“The road is long and seeming without end/ The days go on, I remember you my friend/ And though you're gone/ And my heart's been emptied it seems/ I'll see you in my dreams”— Bruce Springsteen.
On graduation night, we took off in his Corvette at midnight and drove to California’s central coast along the route that James Dean took on his final drive before he crashed his sports car near Cholame and died at 24. The next day at the coast, we met Janet, who grabbed my heart. She came from Minnesota to visit her divorced mother each summer. She was my summer sweetheart that summer and the next.
In the third summer, when we were both 20-year-old college students home for summer, JT called me at dawn on a Sunday and asked if I wanted to fly with him to his Cal Poly apartment to pick up some things he needed at his family home. “Didn’t you say Janet might be there at her stepdad’s ranch? You told me he had a landing strip, right?”

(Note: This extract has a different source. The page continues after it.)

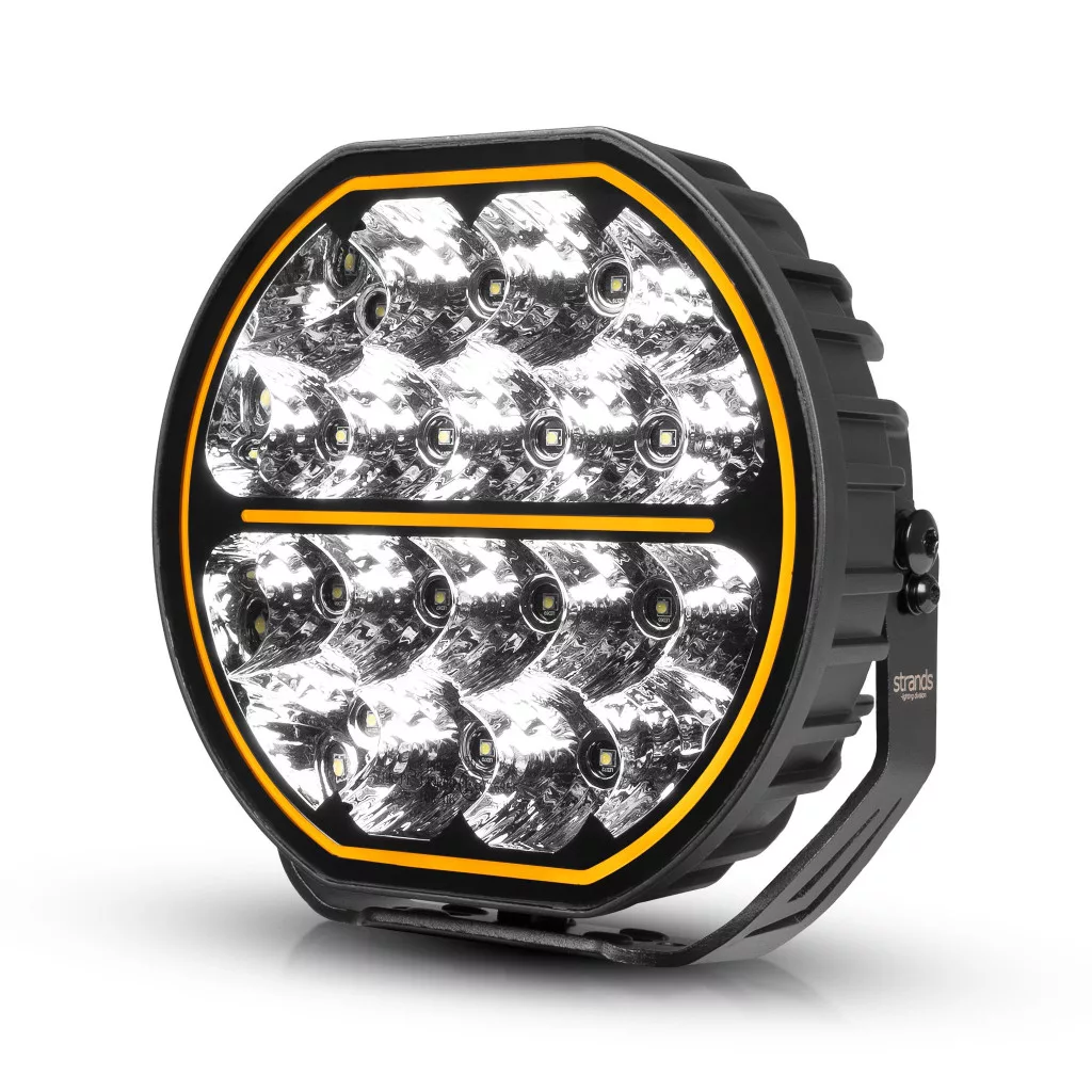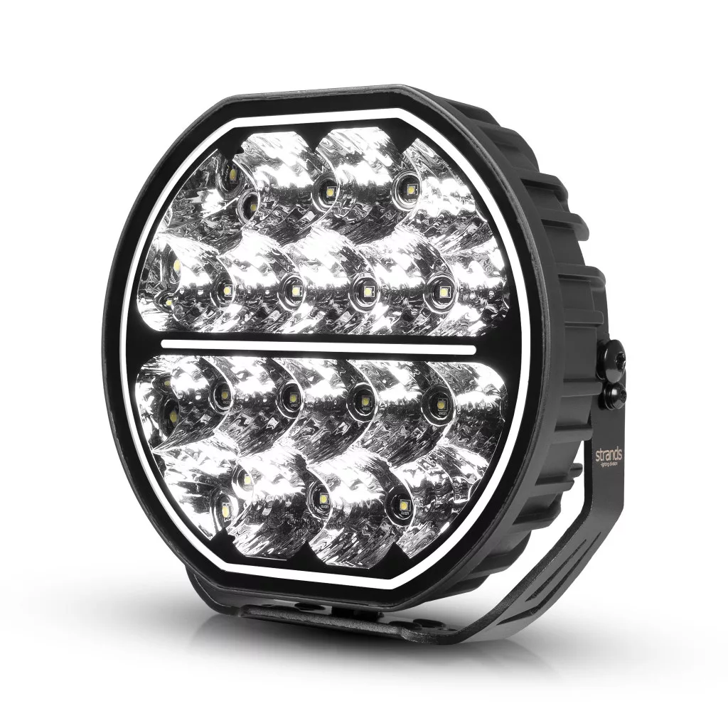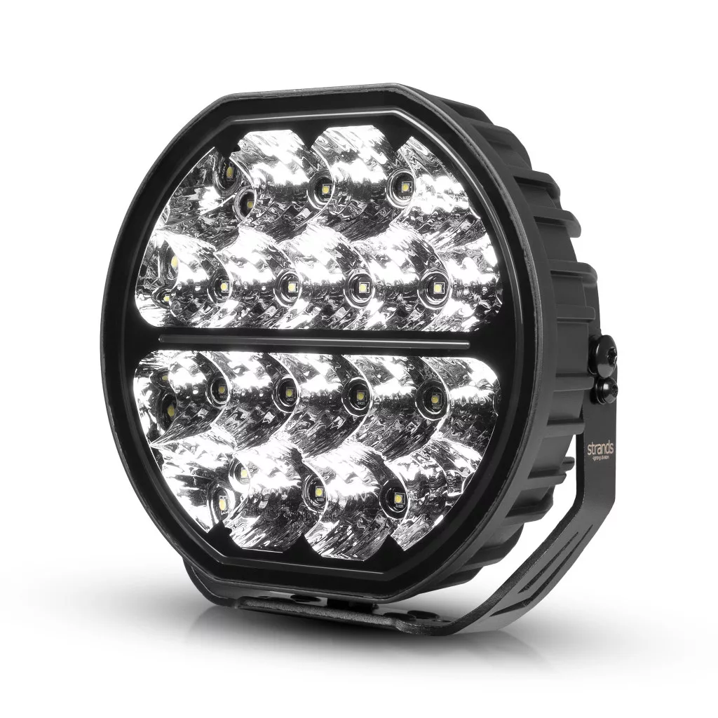 A strands Big Energy 9" egy stílusos, kerek kiegészítő lámpa, amely kétszínű parkolófénnyel van felszerelve, amely 11 908 lumenes fényerőt és széles, 1 luxos fényerővel közel fél kilométert ellátó fénysugarát produkál, megbízhatóan vezetve a sötét utakon. Ez a karcsú keretű kiegészítő lámpa könnyen felszerelhető még szűkebb helyeken is, és méretéhez képest könnyű szerkezetének köszönhetően kisebb járművek elejére is alkalmas. A gyártó szerint egyetlen lámpa 444 m-es hatótávolságot biztosít 1 luxos fényerővel előre, miközben a reflektorok oldalra is irányítják a fényt, garantálva az optimális láthatóságot mind előre, mind az út szélére, vagy akár még tovább is, mind a hatótávolság, mind a szélesség még tovább nő. Ahogy a neve is sugallja, a Big Energy hatalmas fényerőt biztosít a jármű saját távolsági fényszóróinak támogatására, amelyek megvilágítják az utat, így a vezető szabadon koncentrálhat a legfontosabb dologra, azaz a vezetésre.

Once again, we took the coastal route, this time looking down on James Dean Curve. We landed in San Luis Obispo, where JT’s roommate drove us to their apartment. I called Janet at her stepfather’s ranch in the foothills. She was eager to see us. “But be careful,” she said. “My stepdad says it’s a one-way approach with a bluff and mountain at the end of the strip. You have to set it down quickly.”
We didn’t. JT decided after committing to land that we might not make it. He pulled up at the last second and powered straight at the face of the mountain. The single-engine Cessna, the smallest made, lacked the power to sustain the ascent. We stalled at the peak and crashed on the mountaintop. As I lay bleeding in the wreckage, paralyzed, thinking I had been decapitated at the waist, I heard him take his last breath. Then came a week of unconsciousness.